- [EXERCISE REQUIREMENTS]: Omit the images and retype the records verbatim.

- [Source records]:
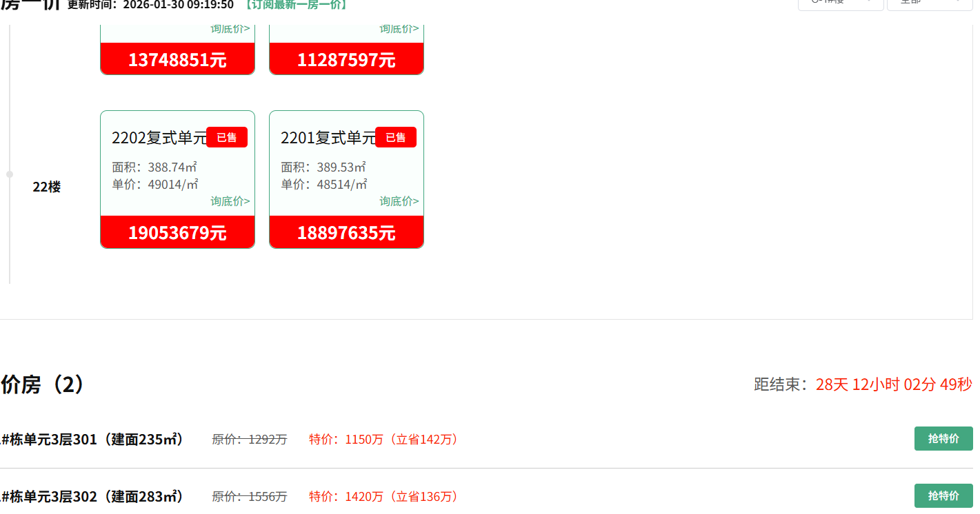 市场环境变化使项目价格进行了调整,曾预计售价从每平方米8.72万元下调至6.42万元。2023年通过司法拍卖成交的一套283.4平方米房源,折合单价约4.8万元/平方米。
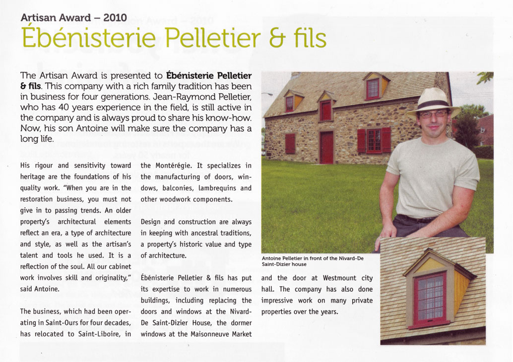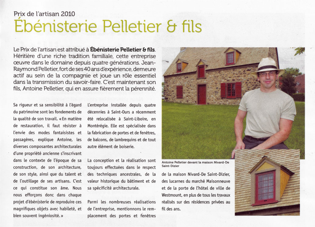 ![]() Prix de l'artisan 2010Le 24 septembre 2010, l'Opération patrimoine architectural de Montréal (OPAM) décernait à l'Ébénisterie Pelletier et Fils le Prix de l'artisan 2010. Ce prix « honore une entreprise s'étant illustrée dans la rénovation d'éléments patrimoniaux » (Le Devoir, 25 septembre 2010). « L'Opération patrimoine architectural de Montréal (OPAM) fête ses 20 chandelles cette année. Dans la foulée de cet événement créé en 1991, destiné à mettre en valeur l'architecture et le patrimoine bâti montréalais, le maire de Montréal, Gérald Tremblay, a remis hier quelque 35 prix émérites à des individus et des entreprises passionnés d'architecture. » (Le Devoir). À l'occasion de cette remise de prix, un cahier spécial de l'OPAM a été publié dans La Presse et The Gazette. On peut y lire : « Héritière d’une riche tradition familiale, cette entreprise oeuvre dans le domaine depuis quatre générations. Jean-Raymond Pelletier, fort de ses 40 ans d’expérience, demeure actif au sein de la compagnie et joue un rôle essentiel dans la transmission du savoir-faire. C’est maintenant son fils, Antoine Pelletier, qui en assure fièrement la pérennité. Sa rigueur et sa sensibilité à l’égard du patrimoine sont les fondements de la qualité de son travail. » Veuillez lire les articles tels que publiés pour plus d'informations : Nous tenons à remercier sincèrement tous nos partenaires d'affaires, sans qui nos projets ne pourraient être réalisés. LiensLe Devoir - L'Opération patrimoine architectural de Montréal fête ses 20 ans |
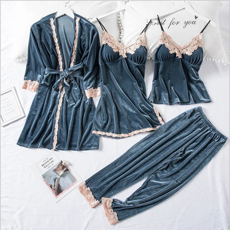 Gown sets Autumn and Winter New Robe Four-Piece Women's Gold Velvet Sexy Sling Trousers Set Female
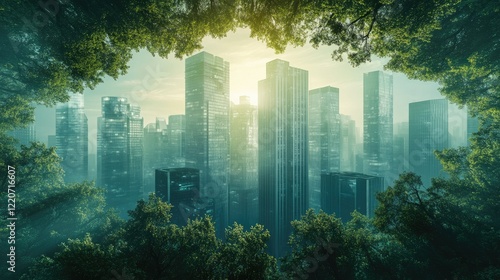 Lush Green Forest Framing a Modern City Skyline at Dawn, Illuminated by Soft Sunlight, Illustrating the Harmony Between Nature and Urban Development
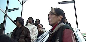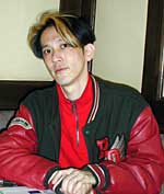 For someone who adorns pictures in poses that even a super model wouldn't strike - someone with yellow streaks in his hair, and who dresses in audaciously bright clothing - Ikuhara comes across as a very down-to-earth person. He's a creative person, but also a businessperson, a duality responsible for his being able to both direct and produce "Utena" - a skill that allowed him to leave a highly successful anime company and turn "Utena" into an independent hit. Overall, though, he is extremely laid back - except, of course, about coming to the US, which frightens him. He's not going to back out of the trip because he's already made the decision, but he worries nonetheless.
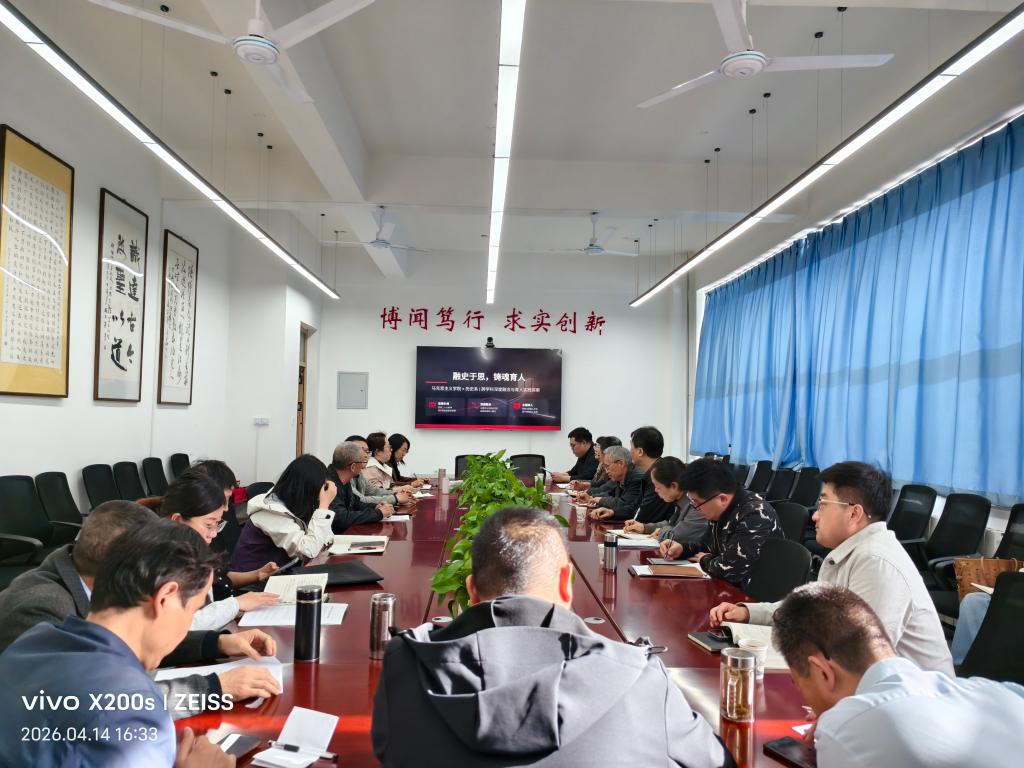 为深入贯彻落实党的二十届四中全会精神,全面落实学校2026年“教研活动月”工作部署,深化课程思政建设,推动思政教育与专业教学深度融合,4月14日,历史文化系与马克思主义学院在博闻楼323会议室联合举办“融史于思,铸魂育人”课程思政结对共建专题研讨会。教务部、教育教学质量评估中心、校教学督导组相关负责人出席会议,历史文化系主任、教学副主任、中国近现代史教研室全体教师及部分骨干教师,马克思主义学院院长、教学副院长、思想道德与法治教研室全体教师参加会议,会议由马克思主义学院赵逊老师主持。

- [COMPLETED EXERCISE]:
 市场环境变化使项目价格进行了调整,曾预计售价从每平方米8.72万元下调至6.42万元。2023年通过司法拍卖成交的一套283.4平方米房源,折合单价约4.8万元/平方米。
 ![]() Prix de l'artisan 2010Le 24 septembre 2010, l'Opération patrimoine architectural de Montréal (OPAM) décernait à l'Ébénisterie Pelletier et Fils le Prix de l'artisan 2010. Ce prix « honore une entreprise s'étant illustrée dans la rénovation d'éléments patrimoniaux » (Le Devoir, 25 septembre 2010). « L'Opération patrimoine architectural de Montréal (OPAM) fête ses 20 chandelles cette année. Dans la foulée de cet événement créé en 1991, destiné à mettre en valeur l'architecture et le patrimoine bâti montréalais, le maire de Montréal, Gérald Tremblay, a remis hier quelque 35 prix émérites à des individus et des entreprises passionnés d'architecture. » (Le Devoir). À l'occasion de cette remise de prix, un cahier spécial de l'OPAM a été publié dans La Presse et The Gazette. On peut y lire : « Héritière d’une riche tradition familiale, cette entreprise oeuvre dans le domaine depuis quatre générations. Jean-Raymond Pelletier, fort de ses 40 ans d’expérience, demeure actif au sein de la compagnie et joue un rôle essentiel dans la transmission du savoir-faire. C’est maintenant son fils, Antoine Pelletier, qui en assure fièrement la pérennité. Sa rigueur et sa sensibilité à l’égard du patrimoine sont les fondements de la qualité de son travail. » Veuillez lire les articles tels que publiés pour plus d'informations : Nous tenons à remercier sincèrement tous nos partenaires d'affaires, sans qui nos projets ne pourraient être réalisés. LiensLe Devoir - L'Opération patrimoine architectural de Montréal fête ses 20 ans |
 Gown sets Autumn and Winter New Robe Four-Piece Women's Gold Velvet Sexy Sling Trousers Set Female
 Lush Green Forest Framing a Modern City Skyline at Dawn, Illuminated by Soft Sunlight, Illustrating the Harmony Between Nature and Urban Development
 For someone who adorns pictures in poses that even a super model wouldn't strike - someone with yellow streaks in his hair, and who dresses in audaciously bright clothing - Ikuhara comes across as a very down-to-earth person. He's a creative person, but also a businessperson, a duality responsible for his being able to both direct and produce "Utena" - a skill that allowed him to leave a highly successful anime company and turn "Utena" into an independent hit. Overall, though, he is extremely laid back - except, of course, about coming to the US, which frightens him. He's not going to back out of the trip because he's already made the decision, but he worries nonetheless.
 为深入贯彻落实党的二十届四中全会精神,全面落实学校2026年“教研活动月”工作部署,深化课程思政建设,推动思政教育与专业教学深度融合,4月14日,历史文化系与马克思主义学院在博闻楼323会议室联合举办“融史于思,铸魂育人”课程思政结对共建专题研讨会。教务部、教育教学质量评估中心、校教学督导组相关负责人出席会议,历史文化系主任、教学副主任、中国近现代史教研室全体教师及部分骨干教师,马克思主义学院院长、教学副院长、思想道德与法治教研室全体教师参加会议,会议由马克思主义学院赵逊老师主持。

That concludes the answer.